Million-Mummy Cemetery Claim Debunked, License For Dig Revoked

The Egyptian Antiquities Ministry has revoked the excavation license of a team of archeologists who claimed that an estimated one million mummies were buried in an Egyptian cemetery. Youssef Khalifa from the Ministry is at the head of the dispute, stating that there are thousands and not millions of bodies – and that they’re not even mummies.

Last week, an estimated 1,700 bodies were unearthed at the Egyptian cemetery, Fag el-Gamous, which means “Way of the Water Buffalo”, roughly 60 miles south of Cairo. At the time, Brigham Young University excavation team leader, Kerry Muhlestein, asserted that the ancient burial ground housed millions of mummies. A number of news outlets picked up the story, including the Daily Mail and, well, us.

“We are fairly certain we have over a million burials within this cemetery. It’s large, and it’s dense,” Muhlestein, an associate professor in the Department of Ancient Scripture, said at the time, adding, “It’s hard to know where all these people were coming from.”

The Egyptian Antiquities Ministry is now debunking the information recently reported by the crew, however, stating that an estimated one million mummies are not, in fact, buried in the Egyptian cemetery.

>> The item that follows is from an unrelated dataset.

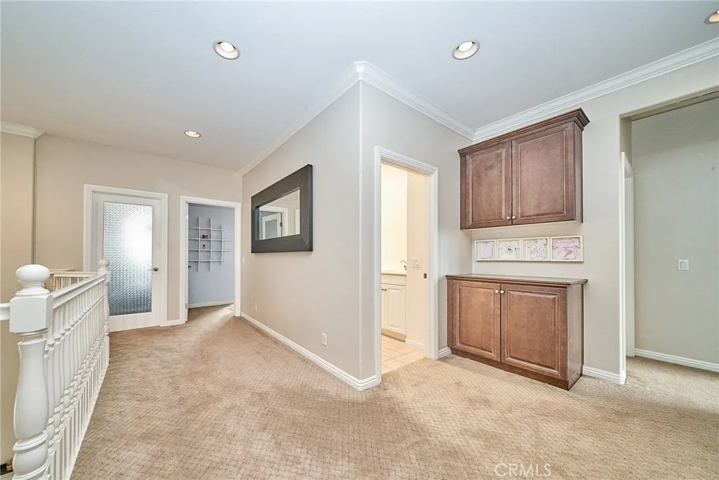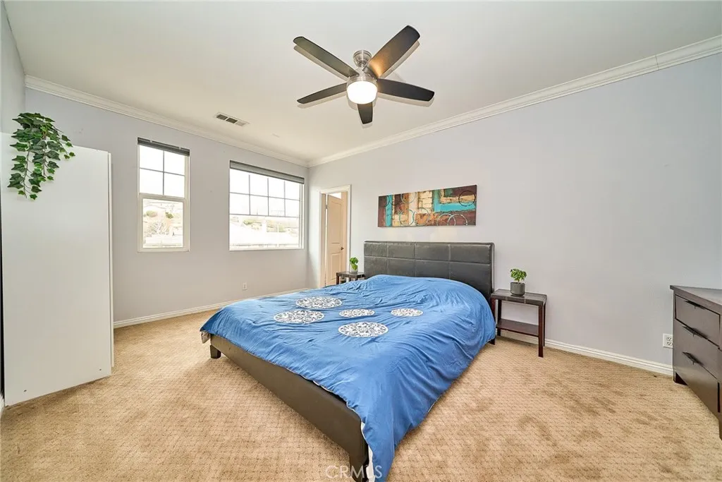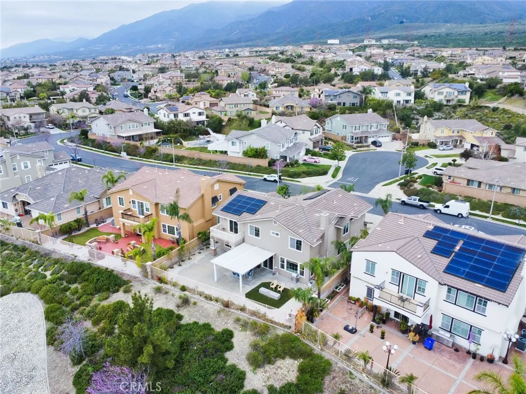Located in one of Rancho Cucamongas most sought-after gated communities within the highly acclaimed Etiwanda School District, this exceptional 5-bedroom, 5-bathroom residence offers nearly 3,900 square feet of expansive living space with panoramic city and mountain views. Built in 2006 and positioned south-facing for optimal natural light, the home blends architectural elegance with long-term value including fully paid solar panels for energy efficiency and savings. A charming private courtyard with decorative pergola entry creates a striking first impression, setting the tone for the spacious interior beyond. Inside, the thoughtfully designed floor plan offers open-concept living areas and a generously sized loft that has been creatively configured into additional flexible-use spaces, currently serving as a private retreat and home office. Whether for extended family, remote work, or personal hobbies, the layout offers exceptional versatility without sacrificing openness. The luxurious primary suite provides a peaceful escape, while the rare casita-style guest suite near the entrance adds privacy and convenience for multigenerational living or visitors. The beautifully finished backyard features a 357 sq. ft. covered patio, fruit trees, and ample space for entertaining all complemented by sweeping foothill and city light views. Additional highlights include a wide driveway and 3-car garage, all within the prestigious Rancho Etiwanda Estates community, just minutes from award-winning schools, Victoria Gardens, dining, parks, and freeway access. A rare opportunity to own a

In refute of the BYU team’s reports, Khalifa released a statement to the Luxor Times on behalf of the Ministry:

“What was published in the newspaper is not true. There are no million mummies, a mummy definition to begin with means a complete mummified body and there is only one mummy found at the site of Fag El Gamous in 1980 which is at the Egyptian museum since then. In the past few seasons of the mission’s work at the site, only poor skeletons were found and some thousands of bone’s remains. The mission violated the rules and regulations of the agreement with the Ministry of Antiquities concerning making press statements and that’s why the committee of the ancient Egypt department took the decision to stop their permission to work at the site after 28 years of working at the site and the last season finished last March.”

In response, Muhlestein is quoted as saying, “I believe there have been some misunderstandings. I would like to work this out with the Ministry, for whom I have the greatest respect.”